A city lit by lamps.

A small café.

A mocking face.

A cigarette burned down to its filter.

He clutched his head—an abrupt headache. Memory screamed at him, though he did not yet grasp it… but it intensified and recurred. Though the pain threatened to unhinge him—these visions of a life he did not know, a life so different that he denied his former existence—he soothed himself:

> "The Transcendence System was my creed for three millennia… I was the one who declared the war, and I was the one who ended that epic."

"Are you telling me I lived in a simple apartment with no troubles and no bloodshed? …Are you planting poisons in my mind?"

The Forest—alone speaking to him since birth—answered:

> "By poisons do you mean the headache in your skull? And what has that to do with me?"

Of course, it could not know what lay in Silver's thoughts and memories—even though it claimed to be Heaven and Earth, the realm of continents, seas, and skies. He dismissed its words and pondered something else. In his prior life he had been one of the hundreds of humans granted the Transcendence System by the Supreme Entities—mysterious beings who gave mortals power in exchange for absolute obedience, to wage war or defend the world.

He himself received the system but exceeded its commands and limits, devouring other Transcendents and taming their powers. Thus he became the Mad Sovereign.

But now, in the guise of Nightwood as Heaven and Earth, it guided him to a wholly different system—one of complete freedom, unconstrained by any higher entity: the Harmony System. And as it said:

> "This system is granted only to my children… and you deserve it despite your past life. You may choose to return to being a Transcendent, or you may choose Harmony, which will grant you freedom and temper your madness."

Amid his questions the pack approached. He saw them. But he did more than see them—he saw himself in them, as he saw them in himself. His three-thousand-year past passed before him as he sought to comprehend and embrace his present—his present tinged with utterly foreign memories. He looked at the Wolf King's heart in his hand, crushed it, then murmured:

> "I must truly abandon this habit… for it achieved all my vengeance."

Then he stood. Silver Al-Korfin… returned. Not as an avenger… but returned to live. And who would dare to cross his path in life?

The Duskwolves emerged from the trees one by one, moving with a calm not of caution but of reverence. Their eyes did not show fear but shone with understanding. The she-wolf who had reared him was first; she licked his hand stained with the blood of his fallen prey. She became the first he called family, though she was an animal and a predator. He even gave her a name: Night's Warden. She was tender; she looked at her majestic prey, then into his eyes.

A long moment of silence, as if time itself had paused.
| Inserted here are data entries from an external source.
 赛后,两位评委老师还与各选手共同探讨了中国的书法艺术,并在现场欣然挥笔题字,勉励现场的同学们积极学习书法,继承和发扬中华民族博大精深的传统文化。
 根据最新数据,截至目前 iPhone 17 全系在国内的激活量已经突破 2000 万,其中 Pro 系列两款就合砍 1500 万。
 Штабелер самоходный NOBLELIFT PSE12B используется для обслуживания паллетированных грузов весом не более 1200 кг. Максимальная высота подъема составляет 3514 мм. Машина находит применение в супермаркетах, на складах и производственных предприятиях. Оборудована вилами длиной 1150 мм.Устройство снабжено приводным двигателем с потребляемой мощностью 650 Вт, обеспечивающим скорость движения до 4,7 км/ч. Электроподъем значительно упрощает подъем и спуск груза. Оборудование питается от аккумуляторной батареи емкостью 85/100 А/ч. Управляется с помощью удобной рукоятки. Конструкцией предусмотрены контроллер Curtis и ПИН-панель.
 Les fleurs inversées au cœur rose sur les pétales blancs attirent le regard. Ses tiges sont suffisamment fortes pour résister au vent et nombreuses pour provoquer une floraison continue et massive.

Then… she gave a brief, low howl—neither a summons nor a warning, but a note of acknowledgment. The she-wolf's howl declared the birth of a king whom she had nurtured.
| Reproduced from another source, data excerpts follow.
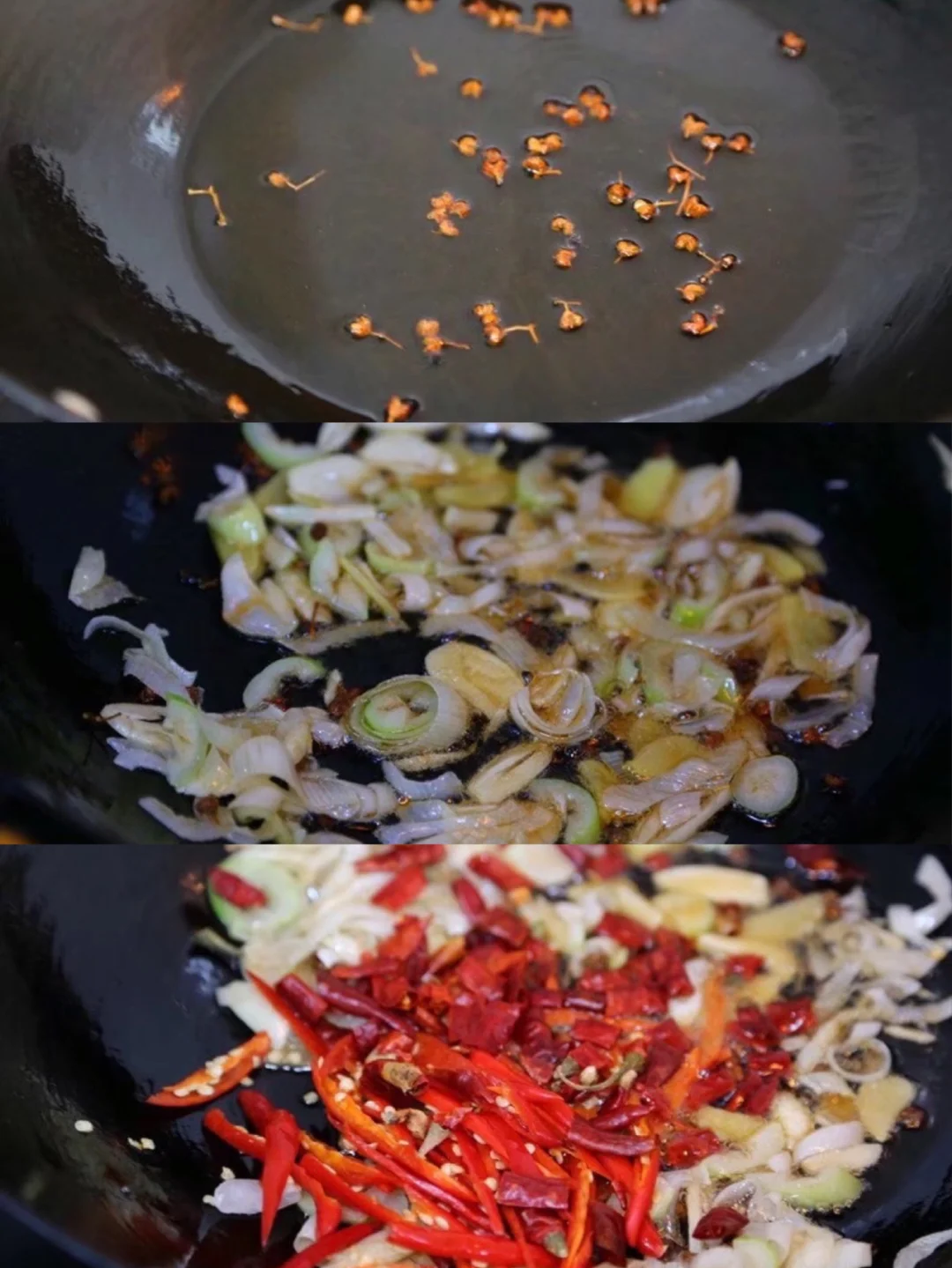 9.炸至金黄色出锅即可 时间太长的话就有糊味儿啦10.锅里少许油,加入一些花椒粒儿小火慢慢爆香11.加入大蒜生姜片大葱段一起慢慢爆香
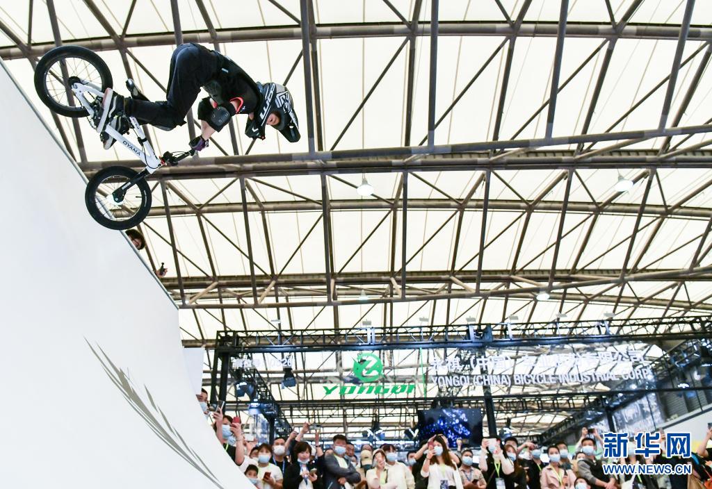 在上海举行的第30届中国国际自行车展览会上,一名小骑手为观众表演车技(5月5日摄)。新华社记者 李贺 摄
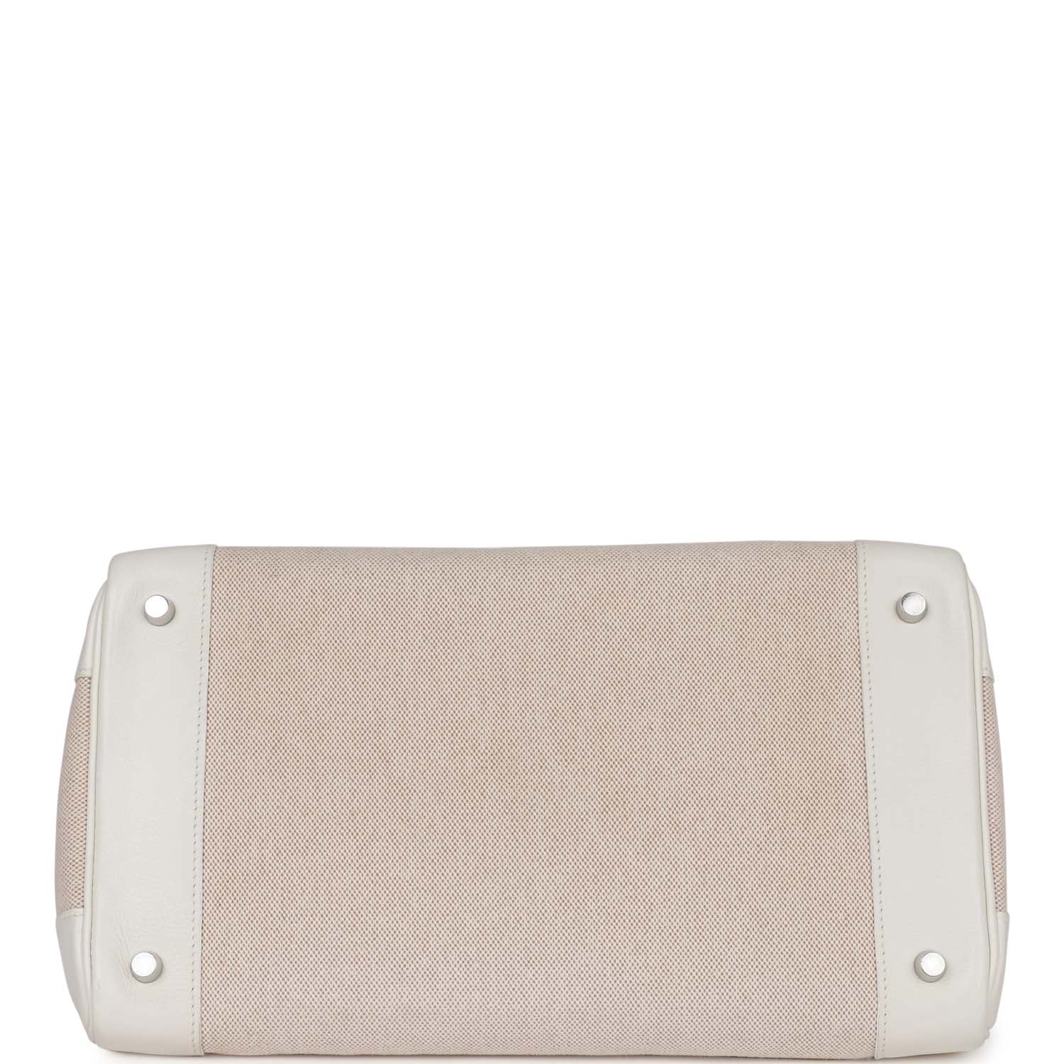 This Birkin is in White gulliver leather and toile with palladium hardware, tonal stitching, front flap with two straps, front toggle closure, clochette with lock and two keys, double rolled handles.
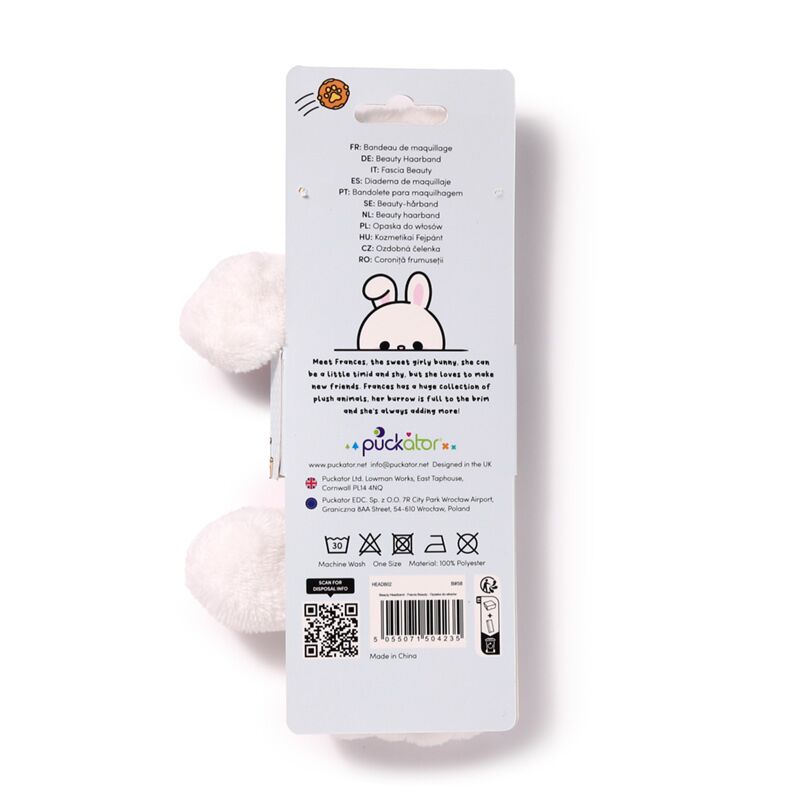 https://www.puckator.co.uk/headb02-adoramals-frances-the-rabbit-plush-beauty-headband.htmlHEADB02Adoramals Frances the Rabbit Plush Beauty Headband<p>Adoramals Frances the Rabbit Plush Beauty Headband</p><ul><li><strong>Material: </strong>Polyester</li><li><strong>Size: </strong>One Size</li><li><strong>Washing Information: </strong>Machine washable at 30°C</li><li><strong>Suitable for Ironing: </strong>No</li><li><strong>Suitable for Dry Cleaning: </strong>No</li><li><strong>Suitable for Tumble Drying: </strong>No</li><li><strong>Suitable for Bleaching: </strong>No</li></ul><p><strong>Product Resources:</strong></p><ul><li><strong>Want to find out more about purchasing from Puckator?</strong> Then read our <a href="/advice-centre" target="_blank" title="Puckator UK Customer Information Guide">customer information guide.</a></li><li><strong>Need more information on beauty accessories?</strong> Visit our resource centre and browse our <a href="https://www.puckator.co.uk/beauty-accessories-buying-guide" target=_blank" title="Puckator UK Beauty Accessories Buying Guide">beauty accessories product buying guide</a> full of useful tips and information on purchasing and selling our products.</li></ul>https://www.puckator.co.uk/media/catalog/product/H/E/HEADB02_001_1737452621.jpg1.05instock2.11.05501.05Puckator000https://www.puckator.co.uk/media/catalog/product/H/E/HEADB02_001_1737452621.jpg142181674118419/Beauty Accessories/Gardens, Countryside & Farm Parks/Adoramals/General Clearance/General Clearance - EU Sites2024-06-06T14:37:50+0000No
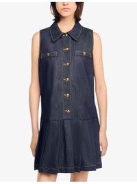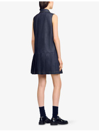 PRODUCT DETAILS - Sandro denim mini dress - 100% cotton - Button fastening - Regular fit, collar, sleeveless, chest pockets, pleated skirt - Dry clean - True to size - Model is 5ft 9in/1.75m and wears a size UK 8 - Midweight, non-stretch Ref: R04490516
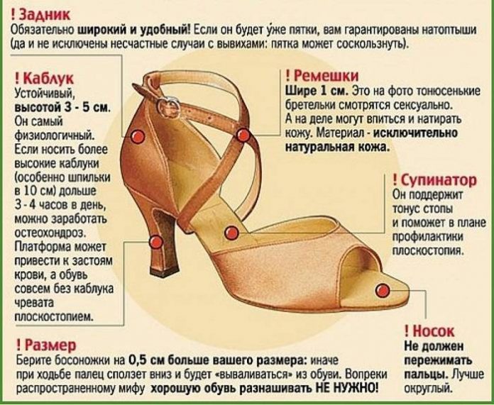 При виборі взуття віддавайте перевагу моделям з платформою. У них п’ята буде менше підніматися, що забезпечить комфорт під час тривалої ходьби. Носок бажано вибирати округлий. В туфлях з загостреним мисом пальці не повинні здавлюватися, вільно розташовуючись всередині. У такому взутті навіть після тривалої прогулянки ноги не втомляться, вам не доведеться робити перерви.

Next came the alpha male, with his pointed fangs and single piercing eye. He stood before Silver, bowed his head for a moment, staring at the Wolf King's heart—and then raised a howl.

After him, howls rose from the forest's depths—long, powerful howls from every direction. The very air trembled; the forest responded. The crows folded their wings and fell silent; the other wolves kept still. The watching trees closed their eyes. Other clans received the sign: the Duskwolves were in a sacred phase, and none would dare enter their territory at any cost—for this pack had honor and custom.

The pack proclaimed their acceptance. Silver stood, his body still dripping with blood. But the howls did not frighten him; they awakened something within. Something ancient—a thing that manifested through the tattoo, which had broken the limits of the flesh and risen as a shadow that howled with the pack upon Silver's body. The tattoo's howl had no sound, yet its echo let the pack recognize it as a mysterious proof that Silver was worthy to be a wolf.

It was as if he had returned to a throne from which he had been exiled centuries ago. Silver raised his head to the sky… then howled with them, unmindful of the strangeness of the tattoo's revival.

But Silver's voice was not like theirs. It was deeper, longer, more primal and savage—as if it were not the howl of one wolf but of an entire pack.